Lieber Rolf, lieber Erhard, liebe Differenztheoriegruppe,
so wie die die Dinge nun einmal offensichtlich sich mir zeigen, bleibt mir wohl nur der Rückzug in meine eigene Denkwelt und auf das Feld meiner eigenen Artikulationsweisen und Unterscheidungsmethoden. Auch mein zweiter Anlauf, an einer freien Liste teilzunehmen, weil ich – in diesem Falle trotz Luhmann, der ja immer betont hat, die Macht des Dissenses sei immer stärker als der Konsens – wohl doch immer unbewusst geglaubt hatte, es liesse sich mit gutem Willen und Geduld wenigstens in groben Umrissen redend und schreibend Konsens erreichen. Obwohl ich mich 1975 lesend, denkend und schreibend bewusst von der Habermaswelt abgewandt habe und bewusst ein Luhmannianer werden wollte, bin ich – in diesem Punkt - offensichtlich doch ein Habermasianer geblieben.
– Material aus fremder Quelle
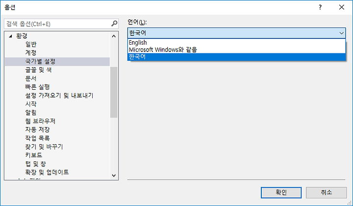 오류메세지를 영어로 검색하기 위해 비주얼 스튜디오를 영문으로 변경해서 빌드한 결과... 빌드가 됨-_-;

Ich bin ja inzwischen ziemlich alt, geradezu unverdient alt, und vielleicht schickt es sich da wirklich, wenn ich mich zu meiner eigenen Selbstvergewisserung aus dieser Liste ausklinke und mich nun auf das Schreiben in meinem BLOG zurückziehe.
Ich wünsche dieser kleinen und feinen Liste gute gedankliche Erfolge.